This research is an excerpt from a larger research paper by Ramin Ganeshram written in August 2024
The Dyckman farmhouse and farms were in Ward 9, or one of what was called the “Out Wards” of the City of New York. In the earliest days of Dutch colonization in the 17th century, this area was included in the description of Harlem and the work done there was uniformly described as heavy agricultural labor with denizens living in utilitarian and rudimentary dwellings. Prosperity followed sales of grain, produce, meat and seafood further south to the markets of the rapidly growing and congested city of New Amsterdam–a commercial relationship that continued through the 19th century.

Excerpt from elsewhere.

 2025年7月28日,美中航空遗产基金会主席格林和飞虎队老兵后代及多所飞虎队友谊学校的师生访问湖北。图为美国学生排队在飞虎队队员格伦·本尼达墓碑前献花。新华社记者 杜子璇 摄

While this remained a farming region until the early part of the 20th century, it would be wrong to assume that it was “remote” even in the Dyckmans’ eras, although it was rural. The land was originally owned by William Dyckman, a son of Jacobus Dyckman, Sr. who was the son of Jan Dyckman, the original Dutch immigrant to New York.
As an interstitial point between the ever-growing Manhattan to the South and Westchester to the north, as connected by two bridges, as well as the river, Ward 9 saw plenty of commerce before and after the Revolutionary War as well as activity during the War itself.

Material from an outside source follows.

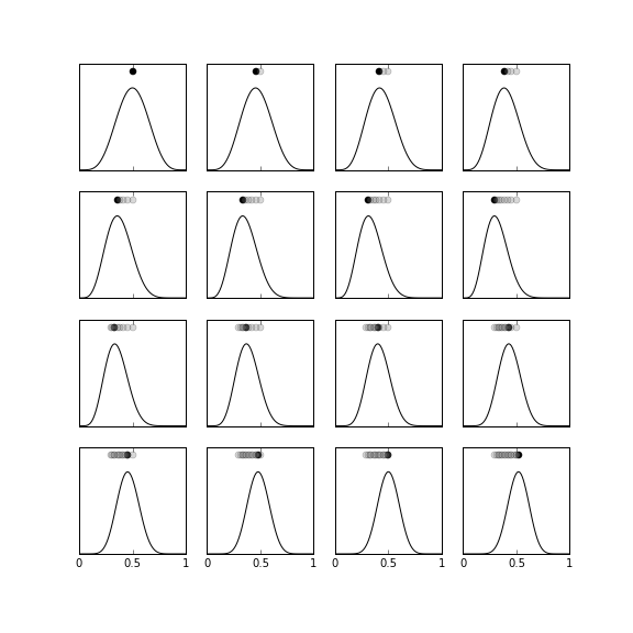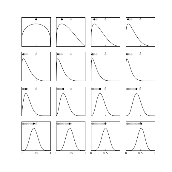 $$ \mathbb{P}(\theta|x_{k+1}) = \frac{\mathbb{P}(x_{k+1}|\theta)\mathbb{P}(\theta|x_k)}{\mathbb{P}(x_{k+1})} $$This is a very different strategy because we are using every data sample $x_k$ as a parameter for the posterior distribution instead of lumping all the samples together in a summation (this is where we got the $k$ term in the prior case). This case is much harder to analyze because now every incremental posterior distribution is itself a random function because of the injection of the $x$ random variable. On the other hand, this is more in line with more general Bayesian methods because it is clear that the output of this estimation process is a posterior distribution function, not just a single parameter estimate. Figure illustrates this method. The graph in the top row, far left shows the prior probability ($\beta(6,6)$) and the dot on the top shows the most recent MAP-estimate for $\theta$. Thus, before we obtain any data, the peak of the prior probability is the estimate. The next graph to right shows the effect of $x_0=0$ on the incremental prior probability. Note that the estimate has barely moved to the left. This is because the influence of the data has not caused the prior probability to drift away from the original $\beta(6,6)$-distribution. The first two rows of the figure all have $x_k=0$ just to illustrate how far left the original prior probability can be moved by those data. The dots on the tops of the sub-graphs show how the MAP estimate changes frame-by-frame as more data is incorporated. The remaining graphs, proceeding top-down, left-to-right show the incremental change in the prior probability for $x_k=1$. Again, this shows how far to the right the estimate can be pulled from where it started. For this example, there are an equal number of $x_k=0$ and $x_k=1$ data, which corresponds to $\theta=1/2$.

George Washington and the continental army occupied Manhattan Island briefly for the summer of 1776. Keenly aware that engagement with the British troops massed on naval ships in New York harbor was imminent he ordered the evacuation of women, children and the infirm to the mainland in mid August 1776. Two weeks later he ordered the island’s farmers to drive their livestock northward into Westchester, presumably to deprive the British of their use. Moving from their farm in the vicinity of 210 Street along the East River, William was accompanied by his family, including his grown sons, one of whom was Jacobus, later to inherit his farm. Their evacuation route was inland along the Kingsbridge Road (Broadway) near the site where William would build a new farmhouse in 1784 after his original home was burned by the British at the end of the war.
Although the Dutch had relinquished New York to the English a century prior, Harlem and the Kingsbridge area remained a stronghold of Dutch descendants. William and his brother Jacobus Jr. who operated a successful tavern, later helping to build the Free Bridge (Dyckman Bridge) in 1758, lived in a close knit community comprising their near and distant kin in the Odells, Vermilyea, Nagels, Kierson and Bensons on surrounding farms. Very possibly the enslaved among these families socialized with and married one another.

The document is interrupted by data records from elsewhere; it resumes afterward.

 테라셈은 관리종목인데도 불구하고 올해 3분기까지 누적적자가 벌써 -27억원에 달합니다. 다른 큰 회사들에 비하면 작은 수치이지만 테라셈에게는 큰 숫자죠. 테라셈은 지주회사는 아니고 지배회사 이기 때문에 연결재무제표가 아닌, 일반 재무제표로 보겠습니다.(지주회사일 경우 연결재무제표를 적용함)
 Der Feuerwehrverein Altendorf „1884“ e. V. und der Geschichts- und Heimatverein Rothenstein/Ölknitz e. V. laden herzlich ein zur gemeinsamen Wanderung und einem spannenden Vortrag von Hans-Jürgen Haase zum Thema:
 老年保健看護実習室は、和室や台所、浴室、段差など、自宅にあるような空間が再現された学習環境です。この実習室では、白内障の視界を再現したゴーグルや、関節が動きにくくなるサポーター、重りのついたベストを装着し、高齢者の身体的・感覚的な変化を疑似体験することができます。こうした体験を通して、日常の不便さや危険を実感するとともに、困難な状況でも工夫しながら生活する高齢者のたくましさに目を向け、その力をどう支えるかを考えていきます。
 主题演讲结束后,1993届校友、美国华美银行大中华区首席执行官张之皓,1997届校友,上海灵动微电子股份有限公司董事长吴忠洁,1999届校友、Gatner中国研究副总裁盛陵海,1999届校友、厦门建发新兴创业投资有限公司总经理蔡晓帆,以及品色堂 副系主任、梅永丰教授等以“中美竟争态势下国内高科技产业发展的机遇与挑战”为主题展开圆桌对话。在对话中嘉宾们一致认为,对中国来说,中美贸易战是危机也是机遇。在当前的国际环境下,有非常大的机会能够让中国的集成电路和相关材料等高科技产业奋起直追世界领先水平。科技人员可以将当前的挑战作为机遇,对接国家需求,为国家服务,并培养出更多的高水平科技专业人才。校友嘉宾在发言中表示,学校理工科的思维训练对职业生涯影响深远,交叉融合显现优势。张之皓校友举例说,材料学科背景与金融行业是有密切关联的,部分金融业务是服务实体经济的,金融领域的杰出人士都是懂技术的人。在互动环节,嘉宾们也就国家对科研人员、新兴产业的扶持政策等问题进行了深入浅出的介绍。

Both Jacobus Jr. and William were farmers with extensive fruit orchards. Jacobus also had a successful business selling young fruit plants and grafted varieties around the town. William and later his son Jacobus III had a successful cidery. Fruit farming seems to have been something of an extended family business: their cousin, the Loyalist, Staats Dyckman was an avid horticulturist who filled his travel diary on a trip to Jamaica with accounts of local produce like breadfruit and mango.
The traveler Dr. Alexander Hamilton, a physician from Maryland, observed in 1744 the extent to which the Dutch “endeavor to preserve the Dutch customs as much as possible” for their children. We can surmise that between 1784-1820, the Dyckmans and their enslaved servants still maintained Dutch-American customs that governed their business practices and diet.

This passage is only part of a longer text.